The Effect of DNS on Tor’s Anonymity

Overview  •  Writing  •  Code  •  Data  •  Contact

Overview

The domain name system (DNS) is a fundamental part of the Internet, mapping human-readable domains to machine-readable IP addresses. When fetching a web page in a browser, a DNS request almost always precedes the actual web traffic. This is also the case when using Tor Browser, the privacy-enhanced browser developed by The Tor Project to provide millions of users with anonymity online.

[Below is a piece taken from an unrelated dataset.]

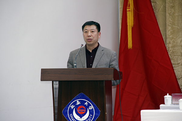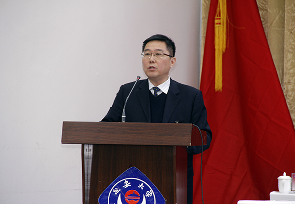 | 杜红荣处长代表许静洪副校长宣读所分管部门的重点工作 |

Overview A lot of research has gone into improving the Tor network, but its use of DNS has received little attention. In this research project, we set out to learn how DNS can harm the anonymity of Tor users, and how adversaries can leverage the DNS protocol to deanonymize users, as illustrated by the diagram to the right. We study (i) how exposed the DNS protocol is compared to web traffic, (ii) how Tor exit relays are configured to use DNS, (iii) how existing website fingerprinting attacks can be enhanced with DNS, and (iv) how effective these enhanced website fingerprinting attacks are at Internet-scale.

We show how an attacker can use DNS requests to mount highly precise website fingerprinting attacks: Mapping DNS traffic to websites is highly accurate even with simple techniques, and correlating the observed websites with a website fingerprinting attack greatly improves the precision when monitoring relatively unpopular websites. Our results show that DNS requests from Tor exit relays traverse numerous autonomous systems that subsequent web traffic does not traverse. We also find that a set of exit relays, at times comprising 40% of Tor’s exit bandwidth, uses Google’s public DNS servers—an alarmingly high number for a single organization. We believe that Tor relay operators should take steps to ensure that the network maintains more diversity into how exit relays resolve DNS domains.

What does our work mean for Tor users? As we outline in our blog post, we don’t believe that there is any immediate cause for concern. While our attacks work well in simulations, not many entities are in a position to mount them. Besides, they require non-trivial engineering effort to be reliable, and The Tor Project is already working on improved website fingerprinting defenses.

Writing

The main outcome of this research project is a paper that is going to be published at the Network and Distributed System Security Symposium in February 2017. In addition, we published detailed replication instructions, to make it easier to reproduce our results. All our writing is listed below.

Code

We have developed a tool, ddptr, which stands for “DNS Delegation Path Traceroute.” The tool determines the DNS delegation path for a fully qualified domain name, and then runs UDP traceroutes to all DNS servers on the path. These traceroutes are then compared to a TCP traceroute to the web server behind the same fully qualified domain name.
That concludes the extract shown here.